Rachel Lachowicz, known for her interest in inverting the canonical works and ostensible dominance of such 20th century male master artists as Carl Andre and Richard Serra, is represented by two striking, non-painterly sculptures in the exhibition. Integrating archetypically feminine products with classic art media, such as lipstick and make-up with wax and Plexiglas, Lachowicz conflates materials and messages about consumerism, personal rituals, embodiment and abstraction. In Cell: Interlocking Construction, 2010, the artist contains piles of billowing, custom, blue and black cosmetic pigment in large geometrically-shaped clear Plexiglas containers that interlock along the wall and sit on the floor. In some ways, Cell celebrates the seemingly untouched rich-hued make-up that we see, while preventing our direct access to it. The bulky abstract shapes that comprise the piece help to provide form and force in place of our own when we choose the “armor” – such as make-up – that helps to create our sexual and personal identity. In her well-know piece, Untitled (Lipstick Urinals), 1992, based on Marcel Duchamp’s iconic and ironic readymade Fountain, 1917,the artist feminizes the form of three small urinals by coating them entirely in bright red lipstick and wax, reminding male audiences – and fixture users – that the artist resides both outside and inside of the joke. Meyer points out that, “The Lachowicz Untitled (Lipstick Urinals) was a late addition. As soon as Franklin and I decided to add her Cell: Interlocking Construction to that room, we decided to bring in the urinals. Although they are representational, they added a much-needed feminist perspective in a male dominated room. There is something rather humorous about its inclusion that I find refreshing, although it’s also a reminder of the obstacles that women artists have had to face in the course of art history.”
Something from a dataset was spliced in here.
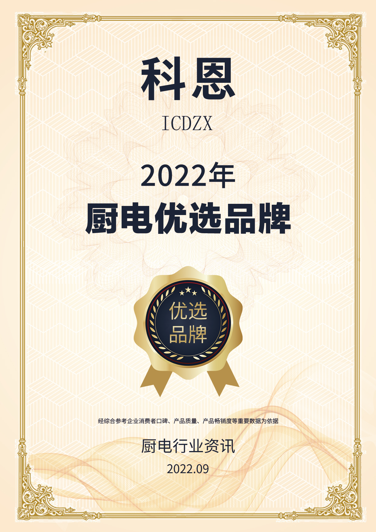 2022年9月作為我國第45個質量月,廚電行業資訊(ID:cdhyzx00809)特舉辦了2022年度質量月之廚電&集成灶優選品牌評比(全國網絡評選),意在為廣大消費者與經銷商篩選出口碑好、產品質量優、售前售后服務到位的品牌。自評比活動啟動以來,經過企業綜合實力篩選、資格初審、后臺評論、留言推薦、數據核對、綜合評審等階段,科恩電器憑借強大的品牌實力、優質的產品性能、領先出色制造工藝在諸多品牌中脫穎而出,斬獲兩大優選品牌雙殊榮!

This fusion and conflict of history and direct experience abounds in the works chosen for Variations. From the tongue-in-cheek, sex-allusive, abstracted, body-relational video installations of A.K. Burns to a stoic, gray, lava-like wall sculpture by Anthony Pearson, the guiding themes in this show will appeal to many who seek to define what it means to live in today’s truly transformative time; after 9/11, after YouTube, after the election of President Obama, after the economic crash, after the mapping of the human genome and even after Michael Brown’s tragic death by police gunfire just a few weeks ago in Missouri.

Sizeable audiences have flocked to LACMA in recent years to see several major contemporary exhibitions, such as the popular James Turrell: A Retrospective, which Meyer also collaborated on. Such large solo shows draw great audiences and great group shows, such as Variations, help to bring them back. “It was our job to select work that interacts and even conflicts with other works in order to bring up the ‘conversations’ we hope to ignite,” explains Meyer.
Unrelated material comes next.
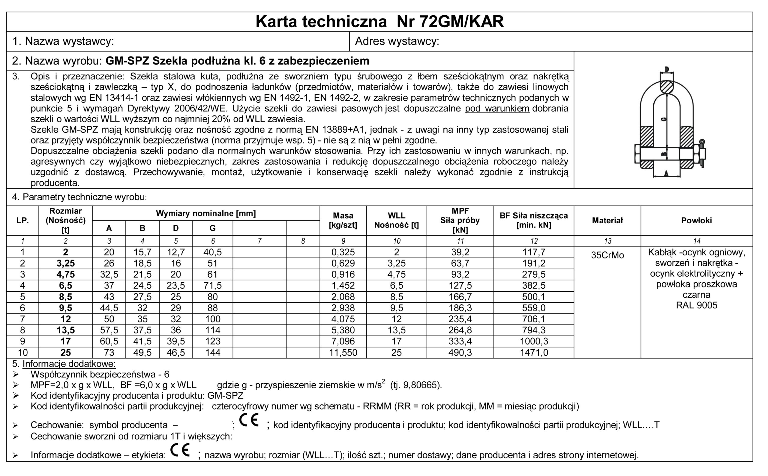 - Кована сталева скоба, подовжена з гвинтовим штифтом з шестигранною головкою та шестигранною гайкою та шплінтом типу X, для підйому вантажів (предметів, матеріалів і вантажів), також для сталевих канатних строп відповідно до EN 13414-1 та волокна стропи відповідно до EN 1492-1, EN 1492-2, з точки зору технічних параметрів, наведених у пункті 5, і вимог Директиви 2006/42/EC. Використання дужок для ременних строп дозволяється за умови, що скоби вибрані зі значенням WLL щонайменше на 20% вище, ніж WLL стропа

Meyer and Sirmans, LACMA’s Curator of Contemporary Art, known for organizing the Minimalist Blinky Palermo: Retrospective, 1964-1977 and Fútbol: The Beautiful Game, have gathered some extraordinary pieces from the permanent collection for Variations: Conversations in and Around Abstract Painting Today, which are certain to enact those viewer conversations alluded to in the exhibition title.

The artists whose works are included in the exhibition are: Markus Amm, Mark Bradford, A.K. Burns, Aaron Curry, Theaster Gates, Mark Grotjahn, Iva Gueroguieva, Sergei Jensen, Rashid Johnson, Jennie C. Jones, Rachel Lachowicz, Dashiell Manley, Julie Mehretu, Dianna Molzan, Albert Oehlen, Alexandra Olson, Laura Owens, Anthony Pearson, Howardena Pindell, Gerhard Richter, Sterling Ruby, Analia Saban, Maaike Schoorel, Amy Sillman, Diana Thater, Lesley Vance, Mary Weatherford, Lisa Williamson and Christopher Wool.

 Variations: Conversations in and Around Abstract Painting is on display at Los Angeles County Museum of Art  August 24, 2014–March 22, 2015

Broad Contemporary Art Museum at LACMA, Level 3

Additional programming details for the Variations exhibition will be shortly forthcoming on LACMA’s official website.